■ **Task prompt**
Your job is to give again, exactly and with no additions, the lines in the records below from the one with "Ultralehká konstrukce, použití" through the one with "CIELab 47.255,48.569,48.005 Color", both included. Omit the pictures.

■ **Material provided**
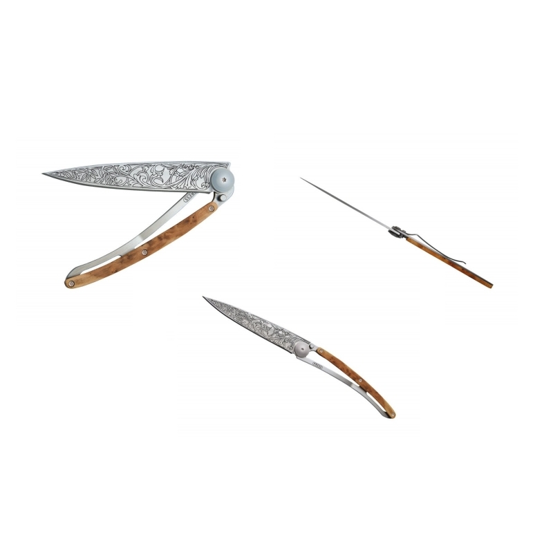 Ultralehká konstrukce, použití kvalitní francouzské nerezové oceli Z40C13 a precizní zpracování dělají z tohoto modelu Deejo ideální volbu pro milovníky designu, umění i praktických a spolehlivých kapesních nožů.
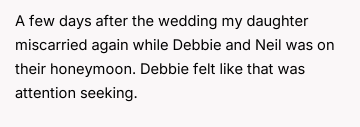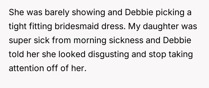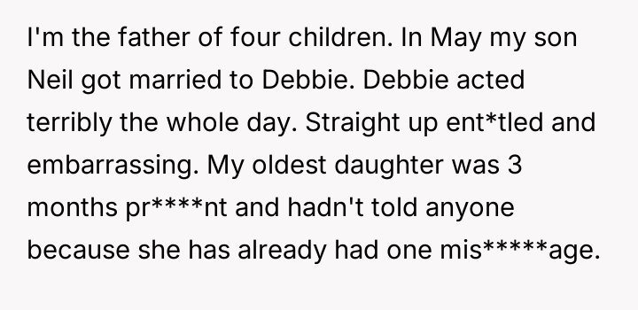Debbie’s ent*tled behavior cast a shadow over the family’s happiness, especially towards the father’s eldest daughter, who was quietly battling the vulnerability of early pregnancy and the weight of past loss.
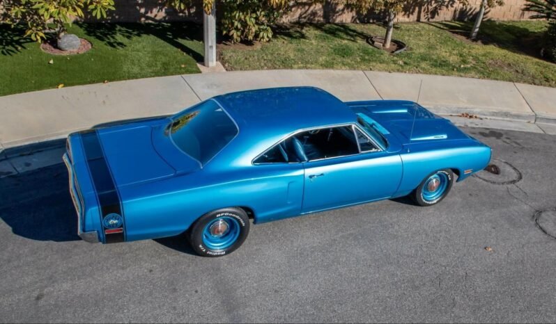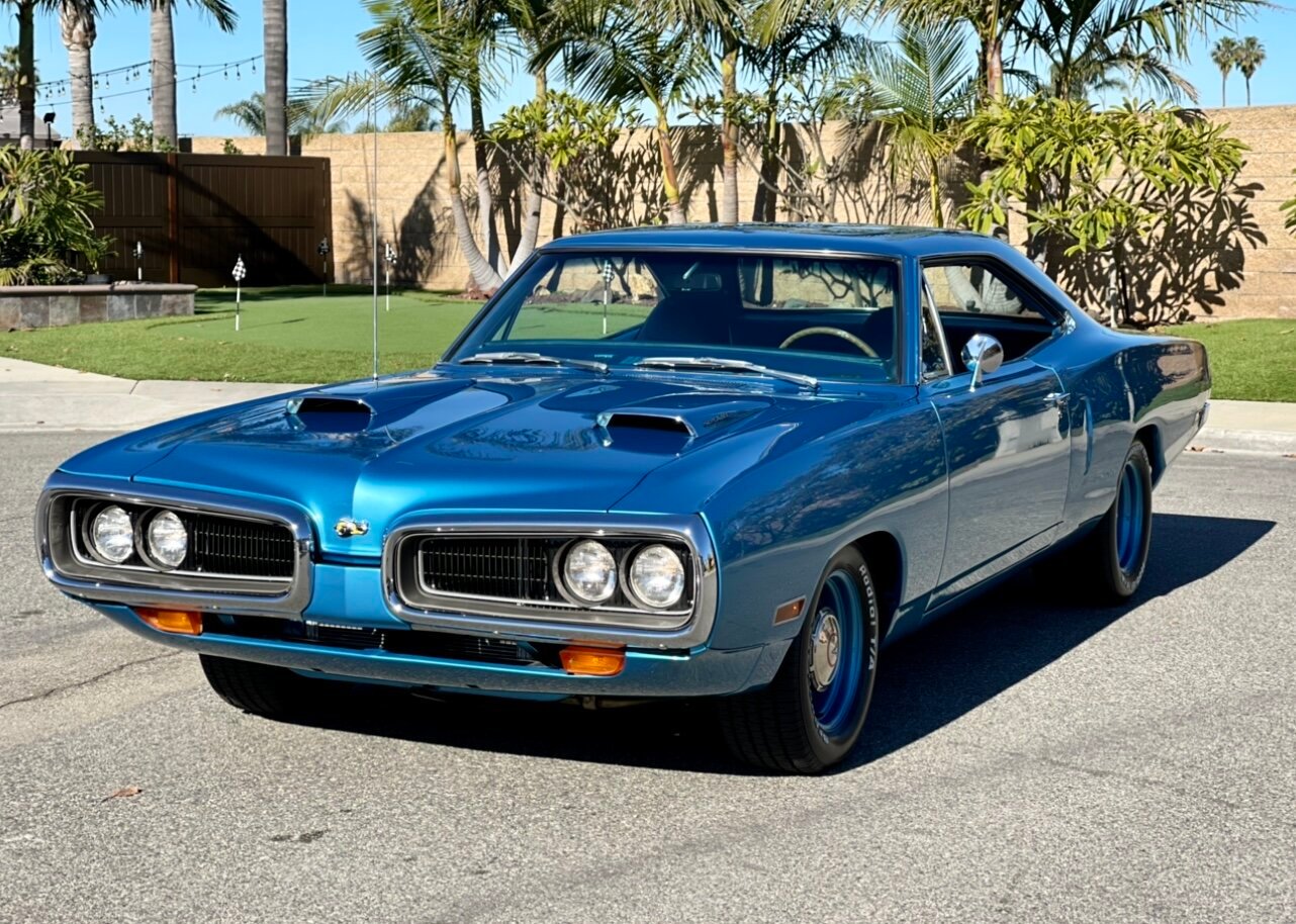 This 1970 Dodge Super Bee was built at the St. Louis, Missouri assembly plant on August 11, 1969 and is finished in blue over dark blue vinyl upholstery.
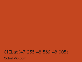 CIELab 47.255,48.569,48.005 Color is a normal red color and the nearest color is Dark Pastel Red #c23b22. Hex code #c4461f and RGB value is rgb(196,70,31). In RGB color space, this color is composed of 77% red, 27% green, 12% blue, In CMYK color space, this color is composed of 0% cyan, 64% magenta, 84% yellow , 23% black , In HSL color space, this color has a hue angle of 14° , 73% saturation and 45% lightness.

* * *

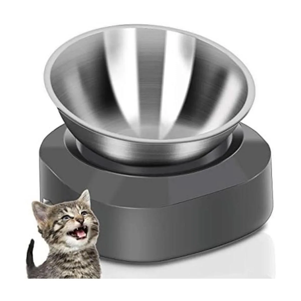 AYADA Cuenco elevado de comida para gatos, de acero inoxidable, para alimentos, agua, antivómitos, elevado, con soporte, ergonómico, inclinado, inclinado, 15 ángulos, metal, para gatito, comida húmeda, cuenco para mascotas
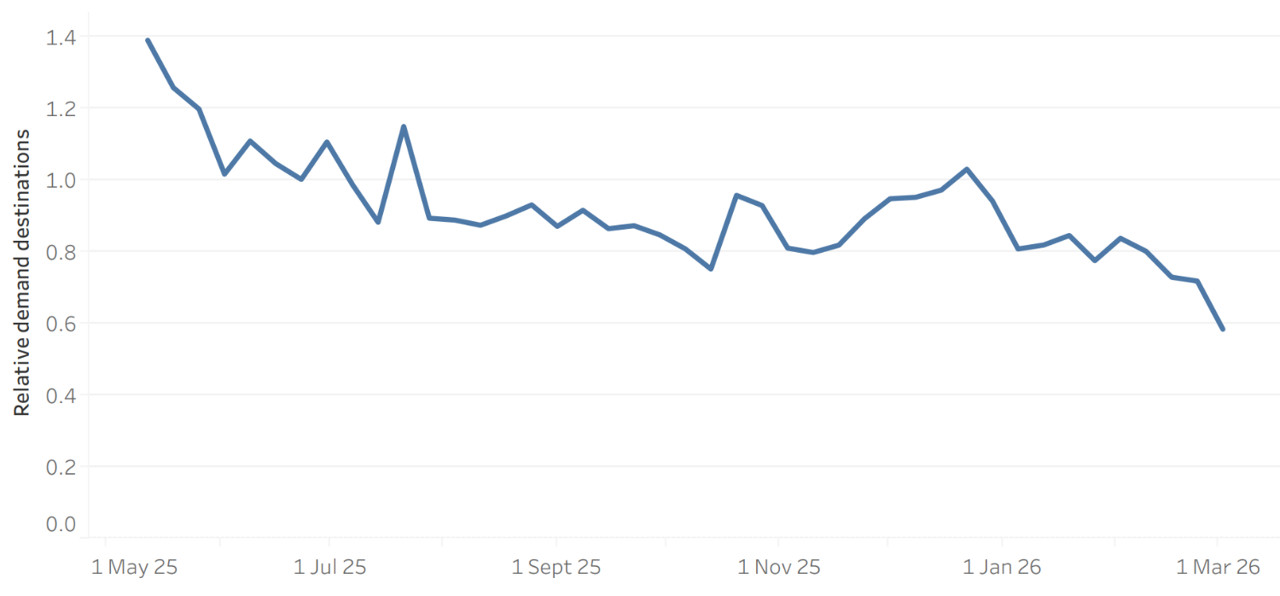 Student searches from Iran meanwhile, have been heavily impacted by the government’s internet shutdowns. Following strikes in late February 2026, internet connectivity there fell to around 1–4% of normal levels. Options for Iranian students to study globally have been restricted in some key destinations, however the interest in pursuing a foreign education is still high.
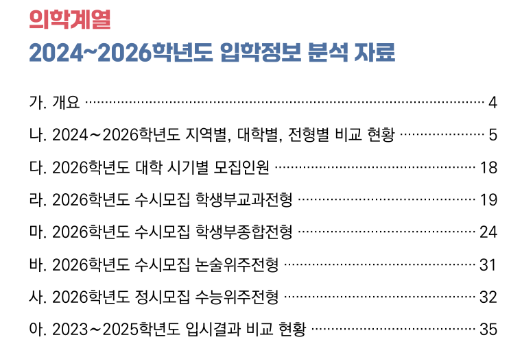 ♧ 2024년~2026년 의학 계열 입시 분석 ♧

■ **Reply to the task**
 Ultralehká konstrukce, použití kvalitní francouzské nerezové oceli Z40C13 a precizní zpracování dělají z tohoto modelu Deejo ideální volbu pro milovníky designu, umění i praktických a spolehlivých kapesních nožů.
Debbie’s ent*tled behavior cast a shadow over the family’s happiness, especially towards the father’s eldest daughter, who was quietly battling the vulnerability of early pregnancy and the weight of past loss.
 This 1970 Dodge Super Bee was built at the St. Louis, Missouri assembly plant on August 11, 1969 and is finished in blue over dark blue vinyl upholstery.
 CIELab 47.255,48.569,48.005 Color is a normal red color and the nearest color is Dark Pastel Red #c23b22. Hex code #c4461f and RGB value is rgb(196,70,31). In RGB color space, this color is composed of 77% red, 27% green, 12% blue, In CMYK color space, this color is composed of 0% cyan, 64% magenta, 84% yellow , 23% black , In HSL color space, this color has a hue angle of 14° , 73% saturation and 45% lightness.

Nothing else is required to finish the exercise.